We have this vision of the Net as a the great level playing field where all the world can come on an equal basis. For some time, people outside the US have been concerned that the US has too much ownership and influence in the Net. Now the concerns are coming home to roost with the Spamhaus case.

The case is quite simple. Spamhaus.org is a volunteer run organization in London that issues lists of email spammers to ISP and other organizations around the world. A US business, e360Insight LLC sued Spamhaus in a Chicago court to have its name removed from the Spamhaus list of email spammers. Spamhaus has no money and considers that the Chicago court did not have jurisdiction over it, so it did not appear to defend their position. As they did not defend their position, they lost the case.

First the Judge issued a judgment of $11M against Spamhaus that has been ignored. Now the Judge has proposed an order that ICANN, a US based organization should take away the Spamhaus.org domain name from them. Without their domain name, people who use Spamhaus would not know where to go to get their email spammer lists.

The problem is that ICANN is a US organization and therefore subject to the vagaries of US justice which is somewhat variable in the lower courts. There has been good coverage of the Spamhaus case, but only today have people started to realize its long term consequences. I think we would all feel that the net would by much more neutral if its governing bodies were based in a neutral country like Switzerland.

Monday, October 09, 2006

Understanding Metadata

Some time ago I made the remark that "metadata is the cure for all problems digital". Well it is true, metadata IS the cure, although this statement is a bit like that old Computer Science saw that any problem in Computer Science can be solved by adding an extra level of indirection. The problem with Metadata is that it is one of these slippery concepts that seems so straightforward but then when you go to look into the details is difficult to pin down.

Ask a number of people what metadata is and you get a variety of answers. There are experts who will tell you that metadata is data about data and then go starry eyed as their mind gets lost in an infinite regression, while you wait unrequited wanting to hear something more useful and concrete. On the other hand there are people who will tell you that metadata is the ID3 tags found in MP3 files. Of course metadata is data about data, but that definition does not capture the essence of it, and while ID3 tags are metadata, there is a lot more useful metadata in an MP3 file than just the ID3 tags, let alone all the metadata in all the other data stores, data sources and file types that are available.

To get an understanding of metadata, a good starting point is to look at a diverse set of examples and then look at some of the important attributes and characteristics that are common to these examples. So, to kick this off, here is a description of metadata in a database, an XML file and a MP3 file. We will look at attributes and characteristics in later posts.

In a SQL database, the metadata is called the Catalog and this is presented as a set of tables like any other database tables. The catalog contains tables that define the tables, columns, views, permissions and so on. In practice the catalog is an external representation of the information that the database system needs to access its data. Internally a Catalog can be stored as a set of database tables or just some data structures, I have seen it done both ways. The Catalog is always presented as a set of tables so that the user can query the Catalog just like any other data. For example, I have fixed a bug by writing a mind-bendingly complicated query on a catalog rather than update the definition of the catalog table to get the required information easily.
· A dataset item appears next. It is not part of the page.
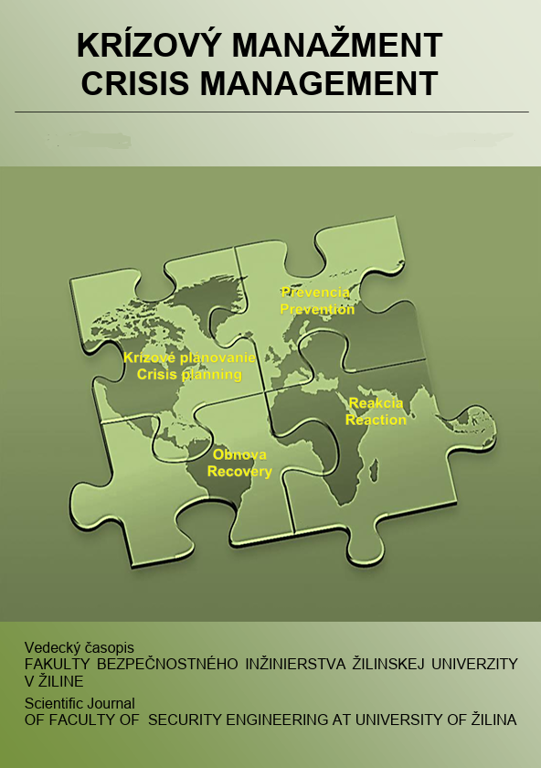 Title Krízový manažment : vedecko-odborný časopis Fakulty bezpečnostného inžinierstva Žilinskej univerzity v Žiline : časopis pre pracovníkov zaoberajúcich sa otázkami bezpečnosti, rizík, krízovým manažmentom a krízovým plánovaním Parallel title Crisis Management = Scientific-Technical Journal of Fakulty of Security Engineering at University of Žilina in Žilina Issue data Žilina : Fakulta bezpečnostného inžinierstva Žilinskej univerzity v Žiline ISSN 1336-0019 (print) , 2730-0544 (online) DOI 10.26552/krm.J.2022.1 Note Spracovaný v EKO-INDEX 2007-2015, 2022-. - Registrovaný: Erihplus Numbering [Roč. 1, č. 1 (2002)]- Periodicity 2x ročne Years of Consumption 2007- Years of Storage uchovávame trvale vo fonde SEK Document kind časopisy Language Slovak, English Country of Edition Slovak Republic systematics 65.012.4 - Technika a metódy riadenia. Riadenie. Vedenie. Autorita Keywords manažment krízový * správa štátna * samospráva * politika bezpečnostná Annotation Pôvodné vedecké a odborné články zamerané na krízový manažment, bezpečnostný manažment, záchranné služby, krízové plánovanie, obranné plánovanie, civilné núdzové plánovanie, analýzu a hodnotenie rizík a ďalšie oblasti späté so všeobecnou a špecifickou bezpečnosťou. URL https://www.fbi.uniza.sk/stranka/casopis-krizovy-manazment Database PERIODIKÁ - Súborný záznam periodika References (4) - PUBLIKAČNÁ ČINNOSŤ (121) - ARTICLES References Súborný záznam: použite odkaz na záznam čísla alebo zväzku Numbers 2025: 1 2024: 1, 2 2023: 1, 2 2022: 1, 2 Bunches 2021: 1-2 2020: 1-2 2019: 1-2 2018: 1-2 2017: 1-2 2016: 1-2 2015: 1-2 2014: 1-2 2013: 1-2 2012: 1-2 2011: 1-3 2010: 1-2 2009: 1-2 2008: 1 2007: 1-2

In an XML document, the tags are the metadata. Well, except for the fact that tags can contain attributes and the value part of an attribute is data. Next we have to quench the argument about whether processing instructions are metadata by saying that some types of processing instruction are metadata and other types are not. Then there are DTDs and Schema that are metadata and also metadata about the metadata, (which is allowed by the definition that metadata is data about data). Some of the metadata can be in other XML documents that are referenced by URLs.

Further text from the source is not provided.